• Action item:
The pictures in the data below are to be omitted; all else must be duplicated exactly.

• Collected data:
==========

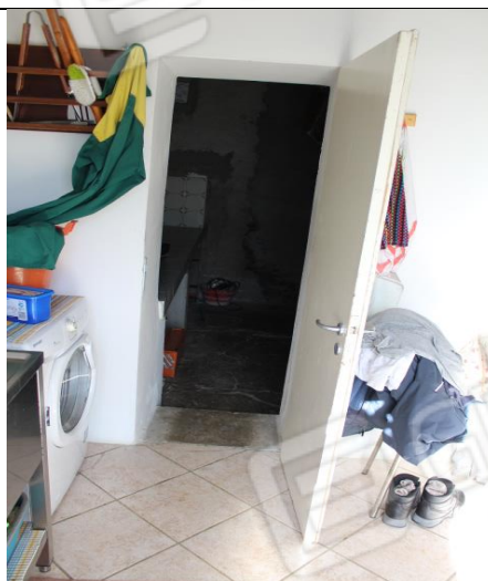
PRIMO VANO DI SERVIZIO
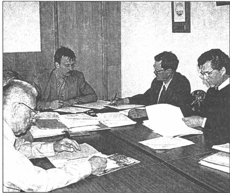
● Domes izsoles komisijai remontdarbu veicējs bija jāizvēlas no 27 pretendentiem
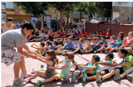
Les olimpíades populars, estrenades l'any passat, van tenir molt bona resposta de públic

==========

• Task result:
PRIMO VANO DI SERVIZIO
● Domes izsoles komisijai remontdarbu veicējs bija jāizvēlas no 27 pretendentiem
Les olimpíades populars, estrenades l'any passat, van tenir molt bona resposta de públic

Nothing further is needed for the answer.